¿El CBD da cansancio? Lo publicado y sus huecos

Definition
El cansancio figura entre los efectos secundarios registrados en la revisión de datos clínicos de cannabidiol que firmaron Iffland y Grotenhermen en 2017. Ese mismo texto no propone mecanismo, no fija una cantidad de aparición y no da frecuencia fuera de las condiciones del estudio. Esta página describe lo que sostienen tres publicaciones en personas y dónde se detiene cada una.
Un mensaje en un grupo de amigos y el listado de efectos secundarios que reunió la revisión de Iffland y Grotenhermen de 2017 [1] no son la misma clase de información. El primero cuenta una tarde concreta, con su hora y su contexto. El segundo anota lo que un equipo investigador apuntó dentro de un protocolo, con la población y las cantidades escritas al lado.
La pregunta sobre el cannabidiol y el cansancio vive justo en ese hueco. Hay algo publicado. Es menos de lo que suele suponerse.

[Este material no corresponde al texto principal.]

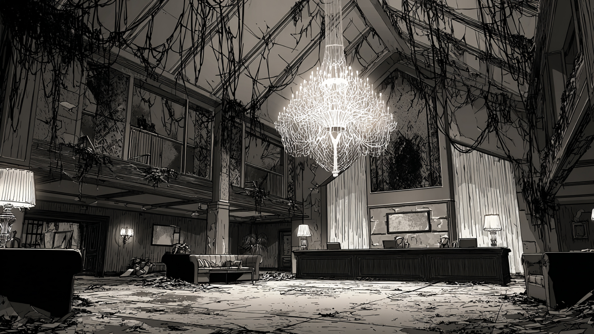 検索キーワード:廃墟, ホテル, ロビー, 静寂, 荒廃, 不穏, ruins, hotel, lobby, silence, decay, eerie

Una lista corta: lo que consta y los huecos que deja
- La fuente. La revisión firmada por Iffland y Grotenhermen en 2017 reunió datos clínicos de cannabidiol y dejó el cansancio escrito entre los efectos secundarios registrados [1].
- El alcance. Eso, y solo eso. Una entrada en un listado, sin porcentaje al lado y sin ejemplos que la desarrollen [1].
- El mecanismo. No aparece. La revisión no propone ninguna explicación fisiológica para esa observación [1].
- La cantidad de aparición. Tampoco consta. No hay una cifra a partir de la cual esa observación quede documentada [1].
- La frecuencia fuera del estudio. Sin dato. Lo registrado vale para las condiciones en que se registró [1].
- Qué significa entonces. Población definida, cantidad definida, condiciones definidas, y observaciones que los investigadores recogen a partir de lo que declaran los participantes [1].
- El traslado. No existe una cifra de frecuencia aplicable a contextos cotidianos [1].
- Por qué cuesta comparar. Entre estudios cambian las poblaciones, las cantidades, las duraciones y los grupos de comparación [1].
- Lo que sostiene el conjunto. Un apunte comprobable y varios huecos declarados por la propia fuente. Con eso se describe lo publicado; más allá empieza la suposición.
Lo que rodea a una observación anotada
Un efecto secundario registrado dentro de un estudio no es un pronóstico. Es una observación con condiciones pegadas: una población definida, una cantidad definida y unas condiciones definidas, y dentro de ese marco los investigadores recogen lo que los participantes declaran [1]. El cansancio entró en el listado de 2017 por esa vía [1].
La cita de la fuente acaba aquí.